_Records for this task_:
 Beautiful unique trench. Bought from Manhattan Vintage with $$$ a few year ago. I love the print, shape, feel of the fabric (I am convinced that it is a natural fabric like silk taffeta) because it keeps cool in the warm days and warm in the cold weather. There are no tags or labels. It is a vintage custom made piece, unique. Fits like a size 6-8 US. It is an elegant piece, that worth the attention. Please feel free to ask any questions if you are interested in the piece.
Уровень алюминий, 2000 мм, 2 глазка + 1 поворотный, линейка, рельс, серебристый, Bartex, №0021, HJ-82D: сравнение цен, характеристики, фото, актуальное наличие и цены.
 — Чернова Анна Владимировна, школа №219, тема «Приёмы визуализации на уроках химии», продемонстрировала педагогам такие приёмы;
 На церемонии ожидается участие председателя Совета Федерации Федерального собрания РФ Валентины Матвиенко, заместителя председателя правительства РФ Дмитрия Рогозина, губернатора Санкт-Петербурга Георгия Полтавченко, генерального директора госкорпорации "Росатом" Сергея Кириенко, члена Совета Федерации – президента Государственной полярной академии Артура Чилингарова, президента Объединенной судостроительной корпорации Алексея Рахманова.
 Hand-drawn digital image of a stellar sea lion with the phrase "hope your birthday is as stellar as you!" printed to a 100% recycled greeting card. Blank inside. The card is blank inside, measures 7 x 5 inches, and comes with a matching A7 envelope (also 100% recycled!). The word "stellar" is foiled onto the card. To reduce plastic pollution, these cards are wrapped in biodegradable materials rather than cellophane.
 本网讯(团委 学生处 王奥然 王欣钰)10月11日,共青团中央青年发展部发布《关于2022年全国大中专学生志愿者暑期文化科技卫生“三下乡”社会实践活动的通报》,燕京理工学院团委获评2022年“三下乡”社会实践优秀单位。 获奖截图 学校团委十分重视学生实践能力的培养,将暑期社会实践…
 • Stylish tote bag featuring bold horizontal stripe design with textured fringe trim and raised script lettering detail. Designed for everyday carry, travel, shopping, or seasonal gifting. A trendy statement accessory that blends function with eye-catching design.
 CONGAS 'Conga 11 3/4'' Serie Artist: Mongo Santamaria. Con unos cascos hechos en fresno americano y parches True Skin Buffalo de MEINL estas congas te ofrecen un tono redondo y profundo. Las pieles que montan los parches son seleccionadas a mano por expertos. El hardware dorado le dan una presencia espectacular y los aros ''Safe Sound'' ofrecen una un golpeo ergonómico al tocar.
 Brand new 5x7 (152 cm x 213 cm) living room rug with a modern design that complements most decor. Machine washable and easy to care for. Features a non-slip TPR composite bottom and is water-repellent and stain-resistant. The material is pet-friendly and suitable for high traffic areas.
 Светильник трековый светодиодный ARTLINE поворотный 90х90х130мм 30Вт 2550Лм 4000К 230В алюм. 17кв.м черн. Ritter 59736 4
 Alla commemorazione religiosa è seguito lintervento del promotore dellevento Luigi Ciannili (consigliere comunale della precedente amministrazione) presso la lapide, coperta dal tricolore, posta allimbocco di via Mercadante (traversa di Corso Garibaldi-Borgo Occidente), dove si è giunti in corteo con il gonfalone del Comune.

_Problem_:
Counting only the lines that include "поворотный", state how many there are in the entries, and nothing else.

_Result of the task_:
2